We’ve all heard that mindfulness while eating can help you lose weight – and they might be on the right path. New research from Japan has shown that people who eat their food fast are at a higher risk of developing metabolic syndrome, a term that covers heart disease, diabetes and stroke.
With a group of over 1,000 participants, researchers examined the speed at which people ate and the incidence of metabolic disease 5 years later.
The study found that people who finish their plates first had a 11.6% chance to develop metabolic syndrome than slow eaters, who had just a 2.3% chance. Average-paced eaters were still at a higher chance, at 6.5%.
Metabolic syndrome includes factors such as abdominal obesity, high fasting blood sugar, high blood pressure and high triglycerides, which can contribute to stroke, heart disease and diabetes.

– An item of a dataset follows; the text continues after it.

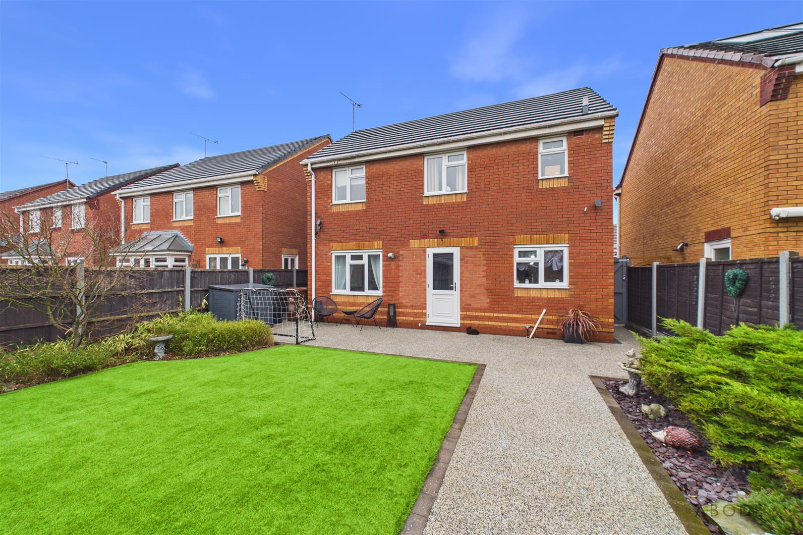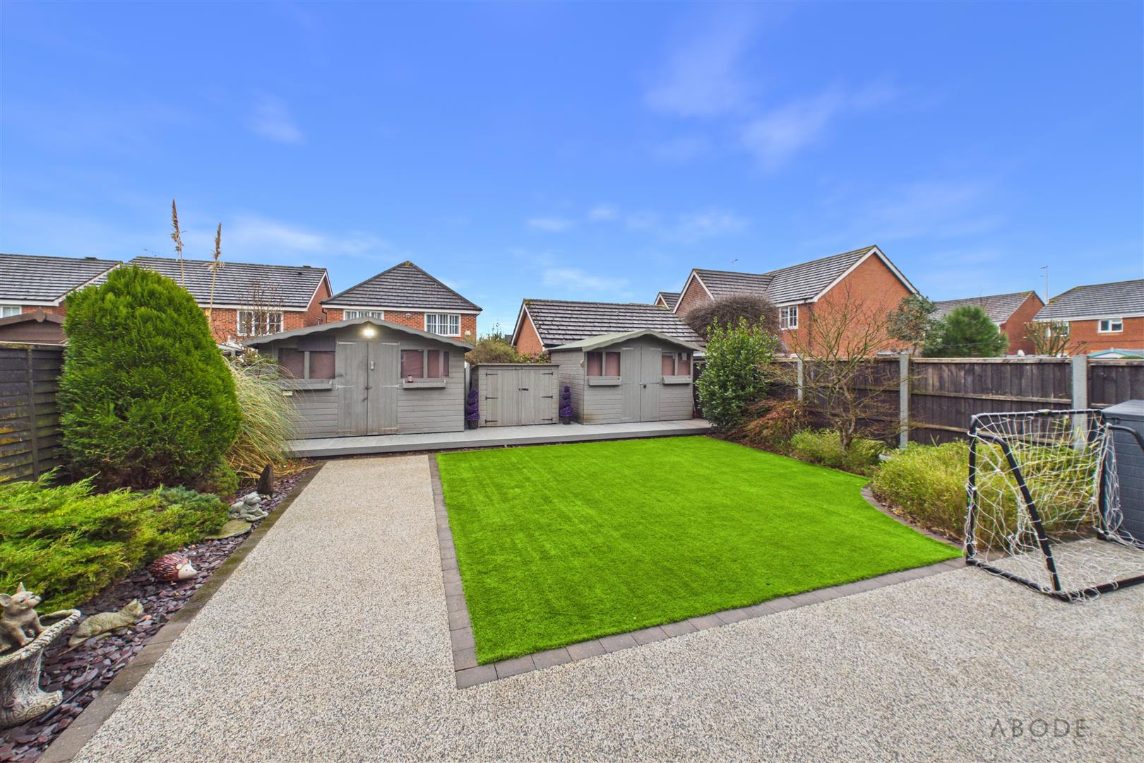 The rear garden has been landscaped for ease of maintenance and features a resin-style patio area, artificial lawn and well-stocked borders. The garden is fully enclosed by timber fencing, making it suitable for children and pets. To the rear boundary are substantial timber outbuildings, offering excellent storage or potential workshop space.

This correlation is thought to be due to the fact that when you eat fast, your body doesn’t have time to process the fact that it’s full until you’ve already overeaten, which can contribute to weight gain and glucose fluctuations.
“Eating more slowly may be a crucial lifestyle change to help prevent metabolic syndrome,” said Takayuki Yamaji, study author and cardiologist at Hiroshima University. “When people eat fast they tend not to feel full and are more likely to overeat.”
Keep this in mind when you reach for a second helping over the festive season – take a break between dishes, you might be more full than you realise.